/---

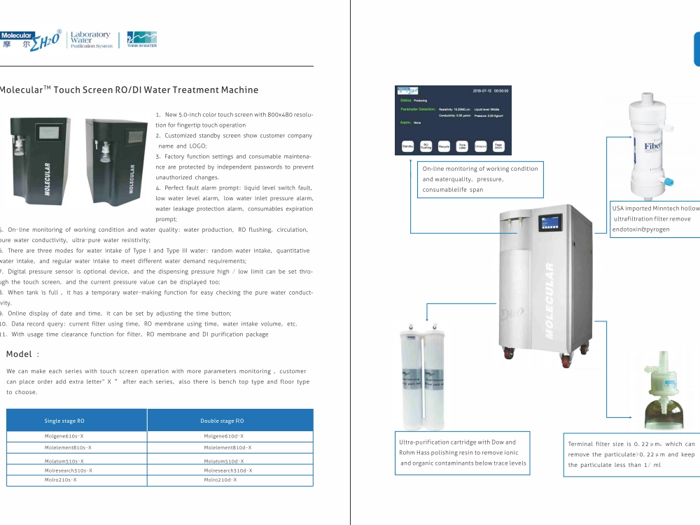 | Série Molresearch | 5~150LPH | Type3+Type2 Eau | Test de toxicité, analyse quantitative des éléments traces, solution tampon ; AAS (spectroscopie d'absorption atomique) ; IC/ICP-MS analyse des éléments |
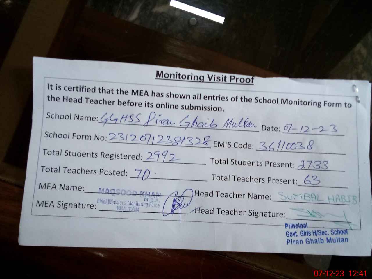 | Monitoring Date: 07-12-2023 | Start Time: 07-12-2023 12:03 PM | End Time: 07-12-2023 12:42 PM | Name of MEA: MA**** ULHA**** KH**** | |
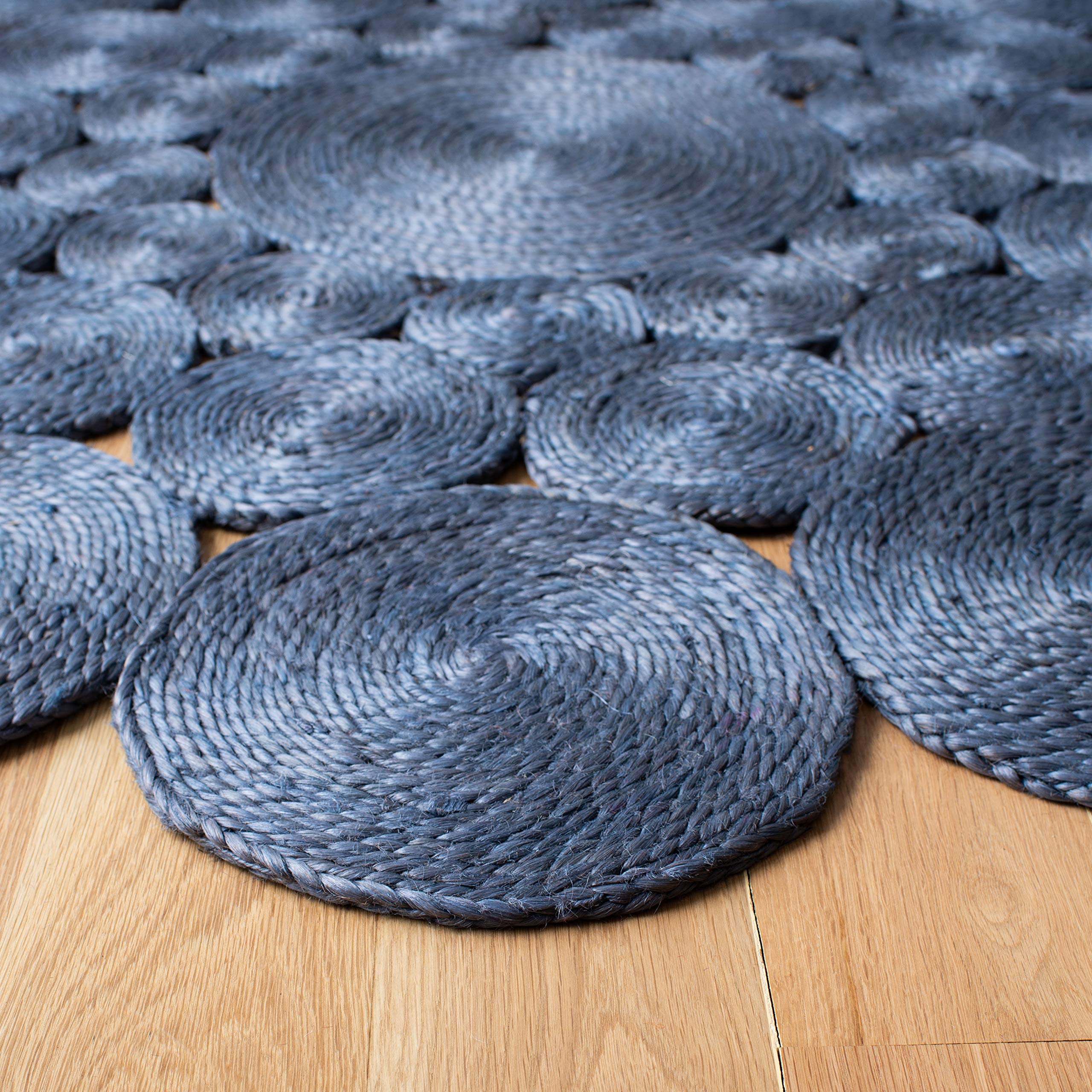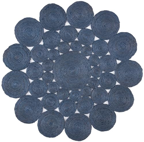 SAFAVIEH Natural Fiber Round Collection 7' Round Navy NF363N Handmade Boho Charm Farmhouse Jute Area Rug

\---
/---

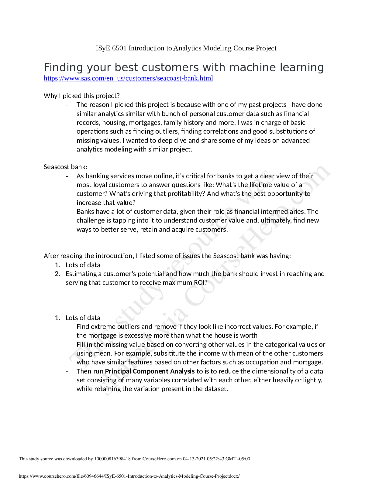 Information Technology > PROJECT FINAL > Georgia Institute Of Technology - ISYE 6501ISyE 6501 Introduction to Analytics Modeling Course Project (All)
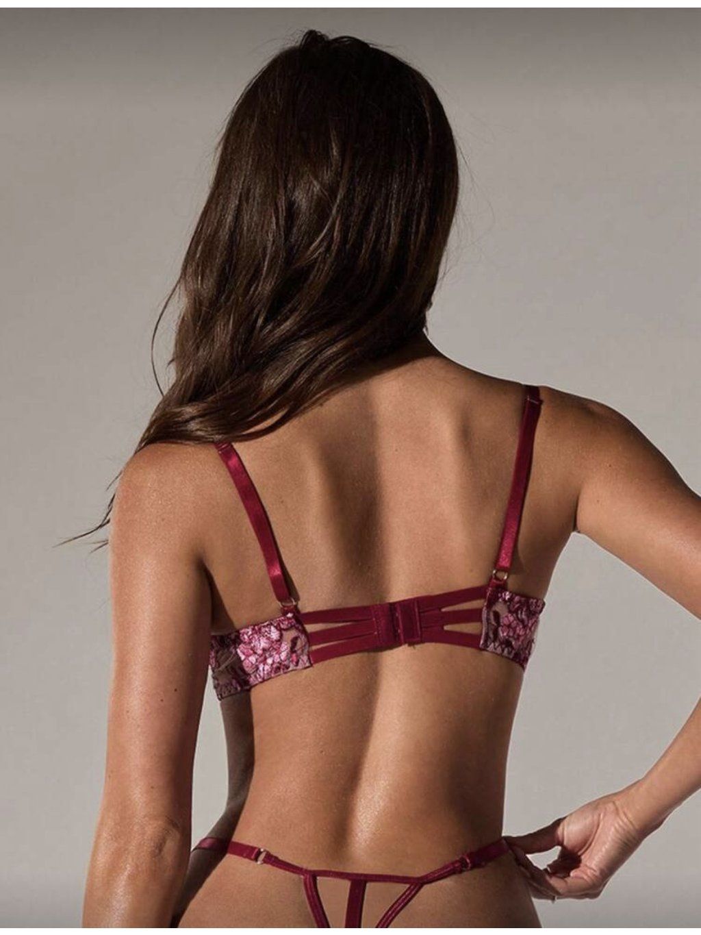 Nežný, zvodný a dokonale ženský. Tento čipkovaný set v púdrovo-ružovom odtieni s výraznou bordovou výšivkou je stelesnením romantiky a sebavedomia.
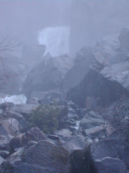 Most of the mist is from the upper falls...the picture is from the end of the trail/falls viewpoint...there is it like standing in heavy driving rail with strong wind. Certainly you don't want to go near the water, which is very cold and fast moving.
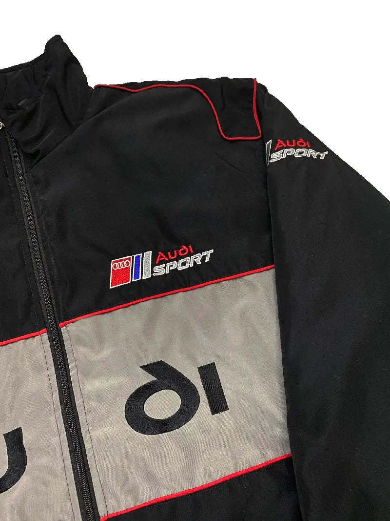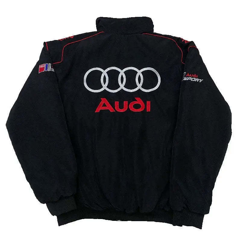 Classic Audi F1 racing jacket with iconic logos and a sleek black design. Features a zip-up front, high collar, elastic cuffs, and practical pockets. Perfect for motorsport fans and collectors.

\---

Set down again, word for word, every line from the one with "des éléments |" to the one with "SAFAVIEH Natural Fiber" in the entries above, and omit the pictures.

* **Solution below**:
 | Série Molresearch | 5~150LPH | Type3+Type2 Eau | Test de toxicité, analyse quantitative des éléments traces, solution tampon ; AAS (spectroscopie d'absorption atomique) ; IC/ICP-MS analyse des éléments |
 | Monitoring Date: 07-12-2023 | Start Time: 07-12-2023 12:03 PM | End Time: 07-12-2023 12:42 PM | Name of MEA: MA**** ULHA**** KH**** | |
 SAFAVIEH Natural Fiber Round Collection 7' Round Navy NF363N Handmade Boho Charm Farmhouse Jute Area Rug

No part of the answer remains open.